The weeks leading up to Chinese New Year was a busy one with much activity in the kitchen in anticipation of guests dropping in over a period of the two weeks that Chinese New Year was observed. Soft carbonated drinks in glass bottles would be ordered and these came in long wooden crates. Special cakes and cookies were baked by my father and these were decorated by my siblings and me. Rose water syrup, a legacy of the South Asian and Arab influence in Southeast Asia were made to be diluted with iced water and served to young guests. Firm jellies made from agar agar (a type of seaweed), rock sugar and rose water, were poured into ceramic molds and chilled in the fridge to be served in slices, and of course pineapple tarts.

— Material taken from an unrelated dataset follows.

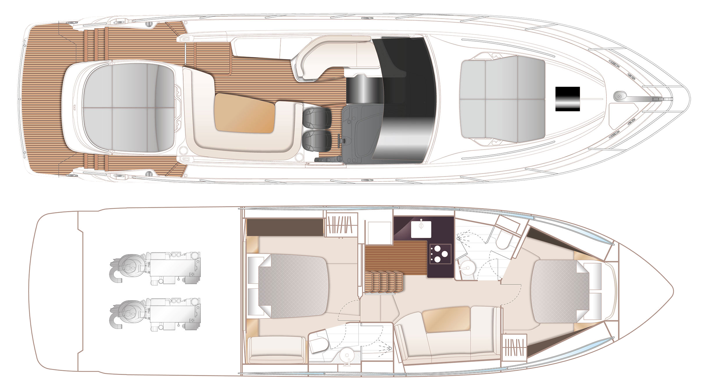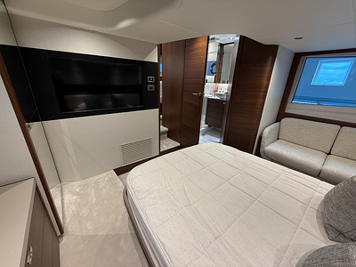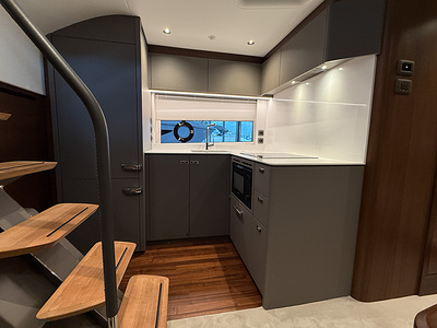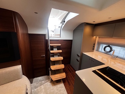 Under dæk findes to rummelige kahytter med egne badeværelser – en masterkahyt midtskibs i fuld bredde og en gæstekahyt forrest. Interiøret er præget af lyse træsorter, eksklusive tekstiler og elegante detaljer, der gør hver eneste minut ombord til en oplevelse.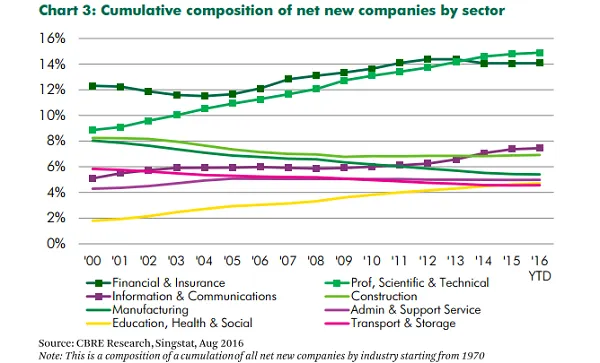 According to a report by CBRE Research, in terms of total number of net new companies formed, financial and insurance activities; professional, scientific and technical activities; as well as the information and communications are three of the largest and fastest growing sectors.

These tarts were quite a production that involved everyone in the family. The pineapples were bought and prepared by removing the skin and core, then grated and cooked in a wok with sugar and whole spices to make a jam. The pastry was prepared by my father and instead of the butter that you will find in the recipe below, lard was used. This in itself was a production, for lard was not available in the convenient ready-made form in a box. Cuts of pork fat had to be purchased and rendered and chilled before you could even start making the pastry. Scales were brought out of storage as Singapore was a former British colony and one of its culinary legacy was the use of weights rather than measures in baking. Instead of a round pastry cutter, we used a sherry glass to cut out the rounds of pastry. Upon this round was placed a dollop of pineapple jam and then a strip of pastry was laid around it which was then crimped with metal crimpers in a decorative fashion. Several thin strips of pastry were then laid cross-wise over the jam to be crowned by a small bead of pastry on top. The final act before these went into the over was to brush them with a beaten egg to create a lustrous glaze. Each tart took an inordinate amount of time to make, but as it was a household of eight children, child labour was not an issue and the rewards were scrumptious! Nowadays, one can use molds to create the same effect, but of course, it’s not the same bespoke look.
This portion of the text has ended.